Don’t you just hate it when another woolly ambiguous term is forced upon us? When I was approached by yet another journalist the other day asking me my thoughts on the impact of cloud computing, I simply sighed and told them it is a bit like Web 2.0. In itself, it is difficult to pin down exactly what is meant by it. The best you can do is say that both of these terms refer to a general direction in which the industry appears to be moving.

In the case of Web 2.0, it is about the Web becoming a generally more interactive medium. This can manifest itself at a technology level through everything from Ajax through mash-ups to SOA, and at a behavioural level through social media and the simple fact that websites are generally now more geared up to a two-way dialogue than they used to be.

In the case of cloud computing, it is about the evolution of dynamic virtualised infrastructure that allows us to think more in terms of resource pools than individual IT components. This in turn opens the door to delivering computing resource on a utility basis, which is equally applicable both internally (i.e. with regard to the way you use your data centre) and externally – which takes you into the realm of utility computing and software as a service.

The point about both Web 2.0 and cloud computing is that they both sprung up arbitrarily on the evolutionary timeline, and seeming embraced anything and everything that could be thrown into the mix. While the very specific phenomenon of social networking is certainly noteworthy, this bears little relationship to evolution of rich user interfaces and composite applications, in fact many social networking sites have appalling UIs by traditional standards. Yet Web 2.0 can mean either of these things, and, confusingly, lots of other concepts too.

Similarly, we have been talking about virtualisation ultimately leading to computing grids and utility computing for years, and giving it a new name doesn’t actually change anything in terms of the underlying trend. In fact, you knew where you stood much better when you could talk about virtualisation and grid technology as the enabling stuff, and utility computing and application services as what it enables. As everyone jumps onto the cloud computing bandwagon, it all gets mixed up and confused, just like Web 2.0.

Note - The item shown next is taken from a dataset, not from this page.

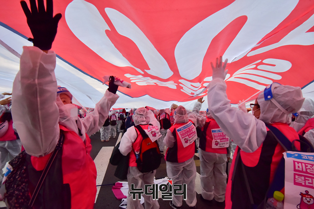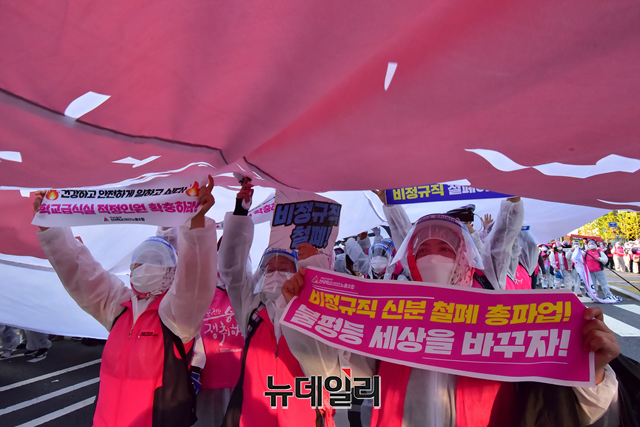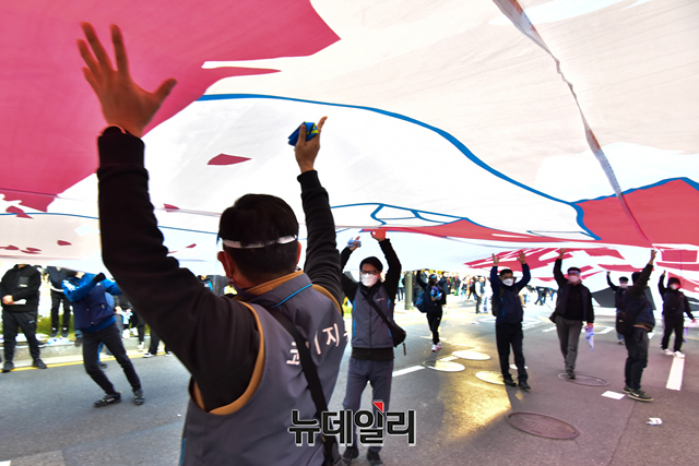 민노총이 총파업을 강행한 20일 오후 서울 도심 일대에 집결해 비정규직 철폐 등을 촉구하는 대형현수막을 펼치는 퍼포먼스를 하고 있다.
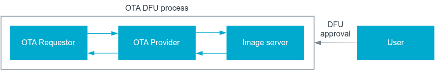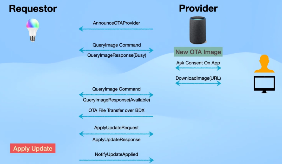 Matter 的空中升级(OTA)是一种允许 Matter 网络中的 Matter 设备更新其固件的过程。大多数 Matter 设备在其生命周期中的某个阶段都需要进行此类更新。软件镜像由另一个 Matter 节点提供,该节点获取了设备信息并从集中可靠的源下载了该镜像。下载过程通过特殊的传输协议进行,并且需要用户同意才能将镜像应用到目标 Matter 设备上。

So, if you are one of those people wondering what cloud computing is really all about after listening the IBM explanation, the Microsoft one, and the evangelical rhetoric we have heard recently from the Google and Salesforce.com camp, don’t worry, you are not alone. The trick is to think of it as a label for a trend at one level, and an industry bandwagon at another, and keep your expectations pretty low in terms of clarity and consistency for the time being. Don’t however, dismiss the underlying trend it itself. While we are not looking at a revolution here, some of the developments in this general area are really quite interesting and valuable – though, you probably knew that already, even before the marketing hype was thrust upon us.